EXERCISE AIM: The full listing is to be transcribed exactly, with each picture left out.

THE DATA:
========================================

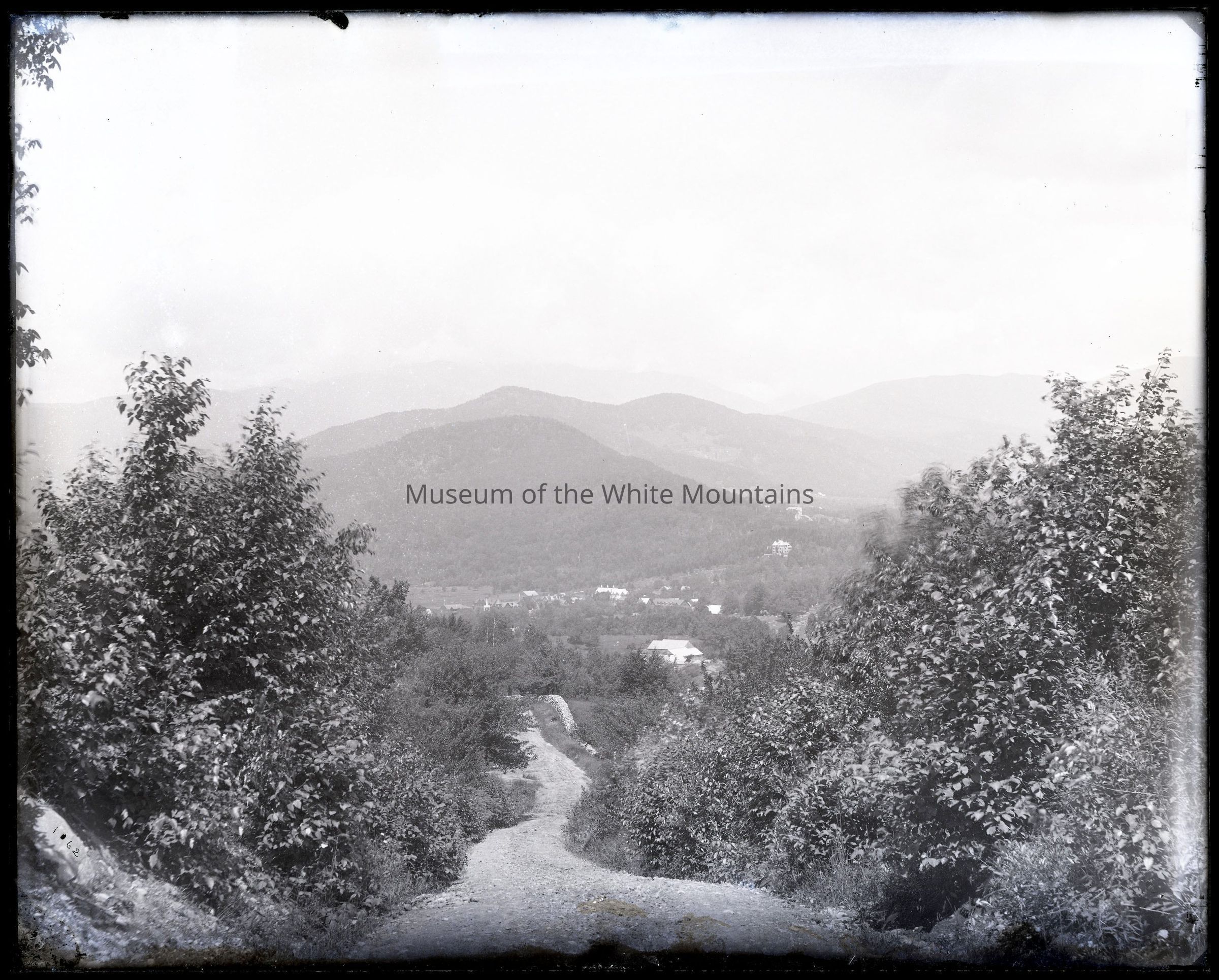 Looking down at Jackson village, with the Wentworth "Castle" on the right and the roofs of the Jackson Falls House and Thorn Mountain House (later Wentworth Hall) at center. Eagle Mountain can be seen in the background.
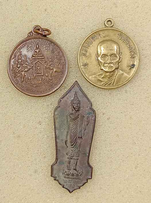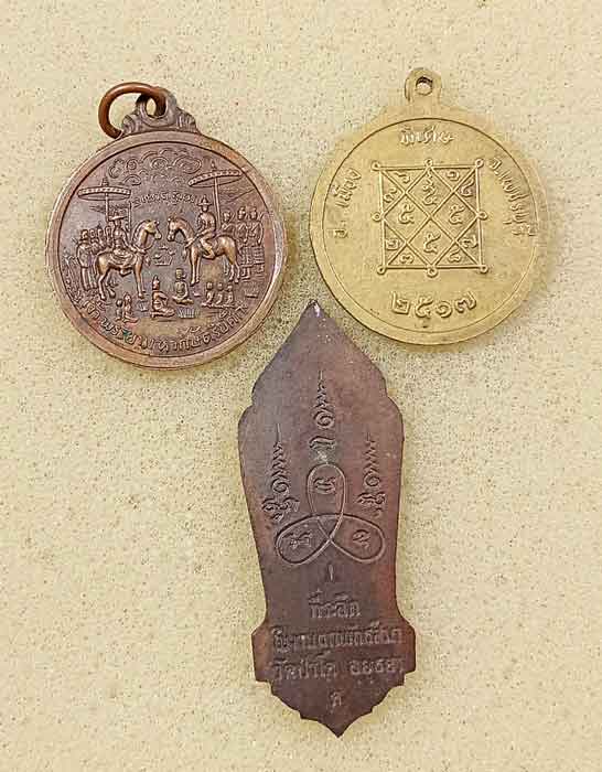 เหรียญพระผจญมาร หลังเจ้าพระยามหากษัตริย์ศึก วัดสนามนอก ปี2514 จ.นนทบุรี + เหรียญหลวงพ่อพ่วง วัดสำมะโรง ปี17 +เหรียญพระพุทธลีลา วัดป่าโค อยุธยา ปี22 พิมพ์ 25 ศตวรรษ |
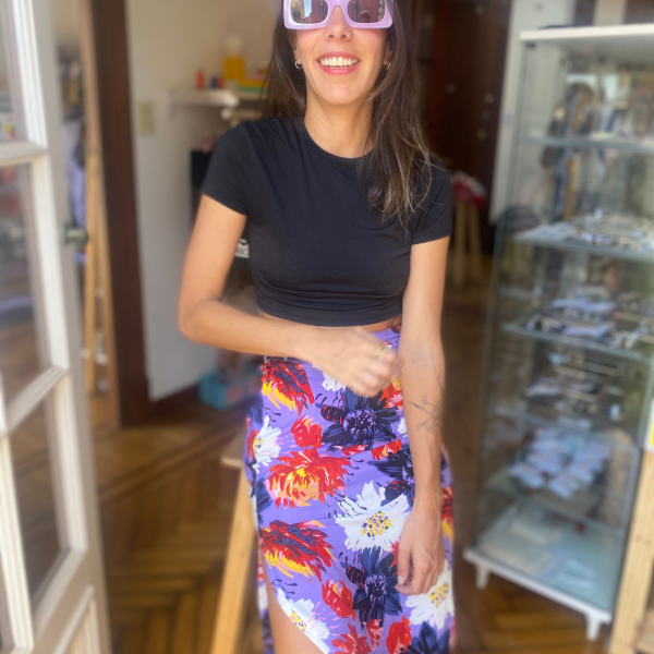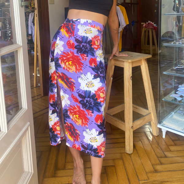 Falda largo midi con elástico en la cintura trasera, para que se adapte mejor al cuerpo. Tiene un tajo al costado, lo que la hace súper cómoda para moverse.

========================================

YOUR RESPONSE:
 Looking down at Jackson village, with the Wentworth "Castle" on the right and the roofs of the Jackson Falls House and Thorn Mountain House (later Wentworth Hall) at center. Eagle Mountain can be seen in the background.
 เหรียญพระผจญมาร หลังเจ้าพระยามหากษัตริย์ศึก วัดสนามนอก ปี2514 จ.นนทบุรี + เหรียญหลวงพ่อพ่วง วัดสำมะโรง ปี17 +เหรียญพระพุทธลีลา วัดป่าโค อยุธยา ปี22 พิมพ์ 25 ศตวรรษ |
 Falda largo midi con elástico en la cintura trasera, para que se adapte mejor al cuerpo. Tiene un tajo al costado, lo que la hace súper cómoda para moverse.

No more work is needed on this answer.